Wednesday, October 29, 2014

Troops meet crazy Madge

Yes here is another “crazy” story for the Halloween season. This one like some of the others that I’ve shared they month came from GenealgoyBank.com and has a twist of sorts. Appearing in the Dallas Morning News out of Dallas, TX on June of 1901 it tells the story of a mans experience while he was on picket duty.  

A CRAZY GHOST.
It was a cold, stormy night in the spring of ’63. The elements seemed to be jealous of the storming our troops had done that day and were taking their spite out on us. The thunder was incessant and a frequent intervals came great blinding sheets of lighting, making everything as light as day. God’s aim is better than a Yankee’s, and I feared he might see fit to aim one of those bolts at me. So I felt a deal more nervous out alone on picket duty, with the lighting playing hide and seek with me thank I had felt surrounded by my company with the enemy’s lead pouring down on us like water.

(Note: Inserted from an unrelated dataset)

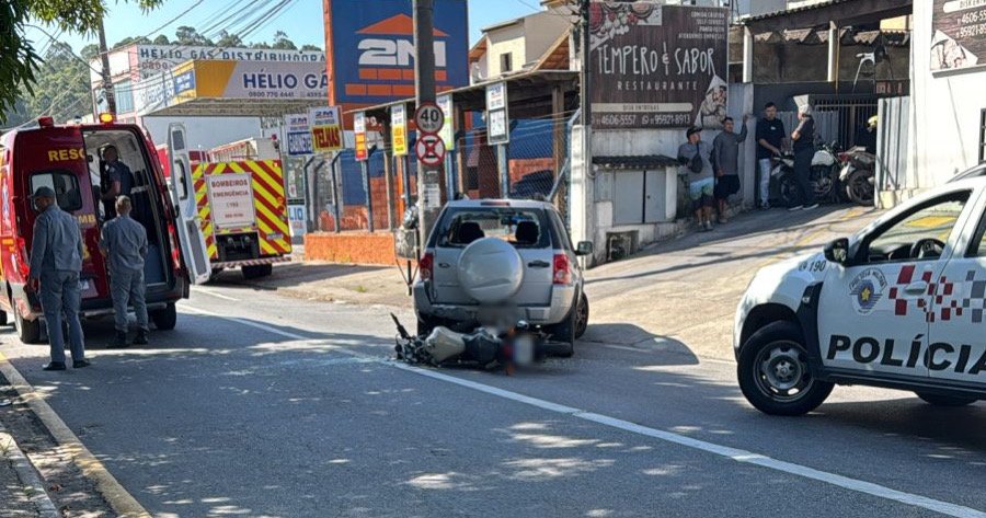 A vítima colidiu contra um veículo em frente ao posto Ipiranga, sendo socorrida pela equipe do Corpo de Bombeiros.
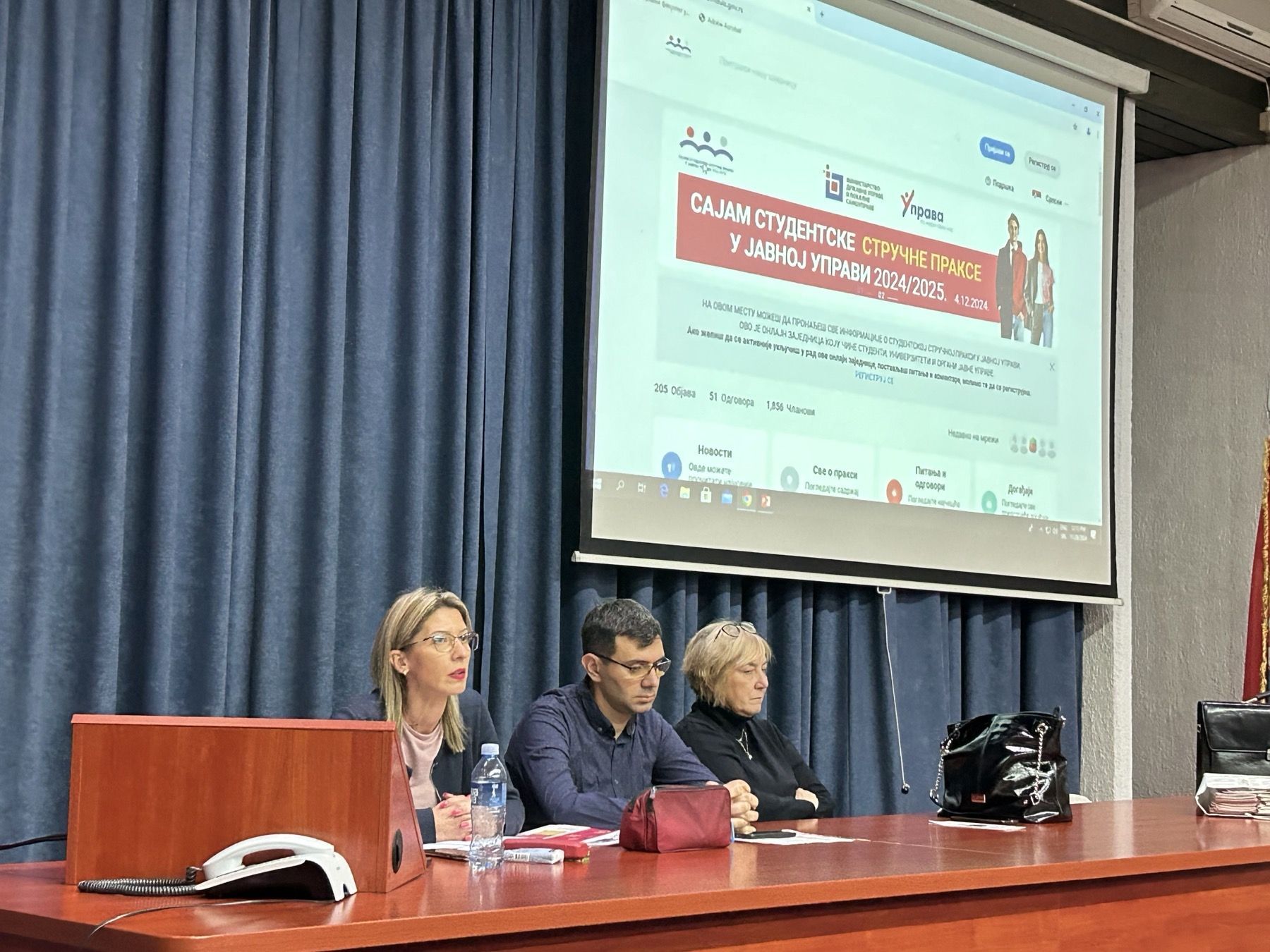 По којим критеријумима се врши избор и селекција на конкурсу, ко врши одабир пријављених студената, затим који су органи јавне управе понудили праксу за њих, као и да ли ће у току саме праксе бити у могућности да испуне обавезе које имају на свом факултету су само нека питања која су студенти поставили. Представници институција дали су свеобухватан преглед стручне праксе, вредне увиде у то шта могу да очекују и добију похађањем стручне праксе. Студенти су информисани и о календару активности студентске стручне праксе.

In order to keep warm kept walking back and forth before my post, although the slush made walking very tiresome. Every few minutes brought my steps by an old house, long since deserted by man, but not by nature.  She had covered it with luxuriant vines, as if to hide the signs of decay. The roof was completely gone, probably carried away by a storm similar to this one. The tall pines looked into the rooms below with evident curiosity. What they saw God alone knew, for men scarcely ever ventured near there. Many tales of ghost and spirits, and midnight cries whispered about it, and it was given a wide berth. I was sorry it was at my post of duty.
In the army one hears many stories of “haunts” and midnight wanderings of white-robed spirits and the strongest-minded of us can nor hear these tales without a shudder. We boys were prone to believe such things then – most of us coming from a black mammy’s care, whose entire stock of narrations were of disembodied spirits.

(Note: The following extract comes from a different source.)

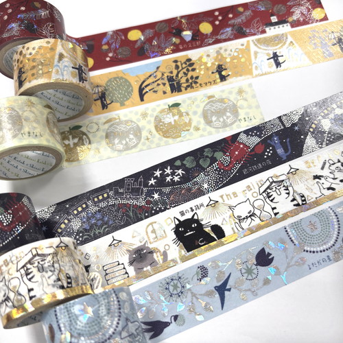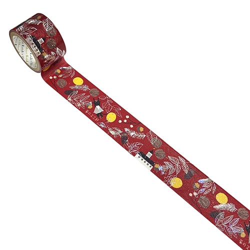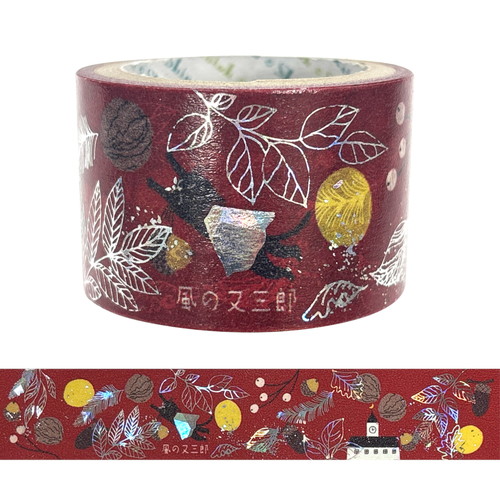 繊細な絵柄にホログラム箔を添えたワイド幅(27mm幅)の箔押しマスキングテープ。絵柄に合わせてゴールドとシルバー、2種の箔を使用されており、ワイド幅ならではの華やかさが、イラストレーターShinziKatohが描いた世界観を豊かに広げます。【検索ハッシュタグ】#マステ#幅広#宮沢賢治#風の又三郎#赤#大人向け#箔押し#キラキラ#washitape#デコレーション#コラージュ#手帳#ノート#可愛い#動物#文学#文具女子#剥がせる#
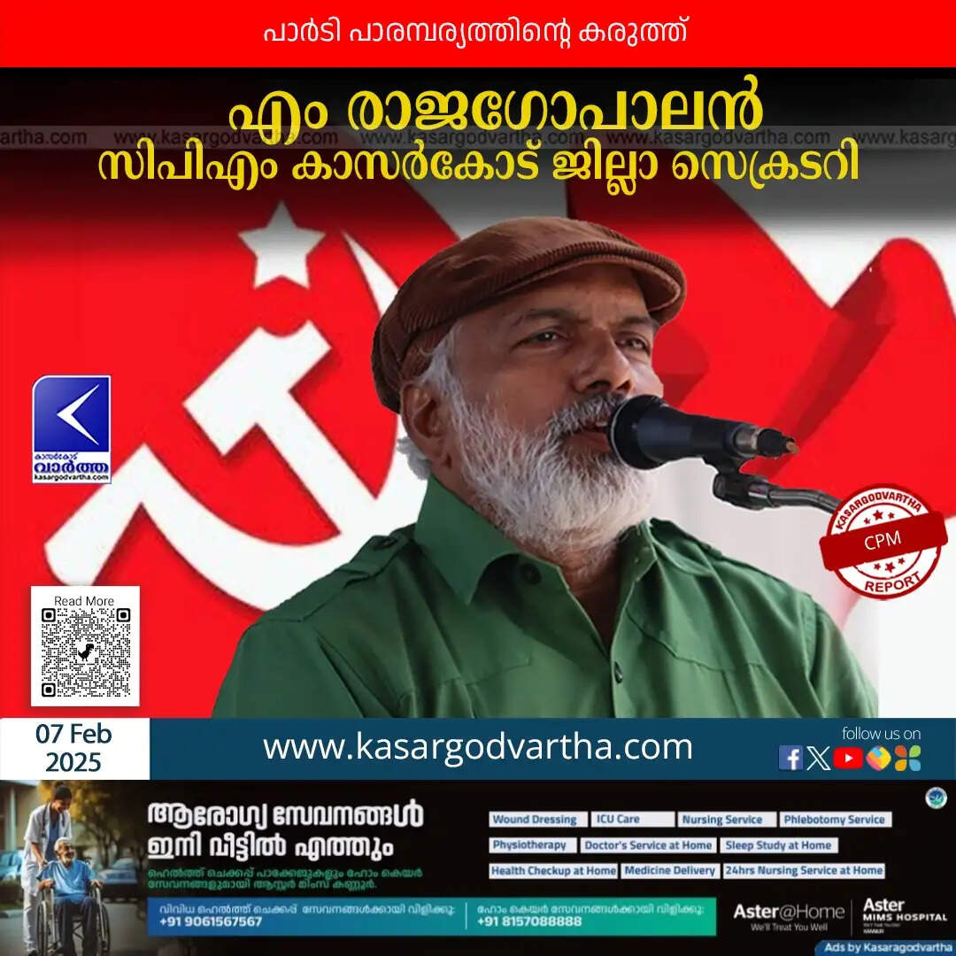 CPM | എം രാജഗോപാലൻ സിപിഎം കാസർകോട് ജില്ലാ സെക്രടറി

I must confess I felt “shaky” and lonely and wished I was in camp. It was about twelve when a most blinding flash of lighting revealed the old house vividly and played around me as an affectionate dog plays around the one he loves. I stood quite still, somewhat stunned, I guess, when suddenly I heard a shrill feminine voice; cry out “I see you!” of course she saw me - anybody could see me - but where was the owner of the voice? It sounded so natural I thought at first it must be a human. I called out when my speech had been given back, but there came no answer. I tried to persuade myself it was my imagination. That I was tired and excited – but when the next flash revealed me standing in the same spot and the voice called out, “I see you,” I knew it was just a pure ghost and nothing else. That ghost saw me run. I went to the camp as fast as I could, told a few of the boys of the ghost at my post; and well armed they returned with me to investigate. “I see you all,” it cried as we neared the house, and the boys suddenly withdrew from its angle of vision. Every time the lighting came it called, “I see you all.” At last we got ashamed and mustered up courage enough to enter the house, and on the stairway sat a little golden-haired woman – too little to harm a fly. She turned to flee, but I pinioned her in my arms and had her carried to the guardhouse for the night.
The next morning her father, a refined gentleman called for her. “She isn’t just right, sir,” he said with a choking voice as he place her in his carriage. I’m only daddy’s blue – eyed Madge,” she said. “And as crazy as a loon,” I observed as I walked away followed by the cries of the boys asking for my experience with ghosts.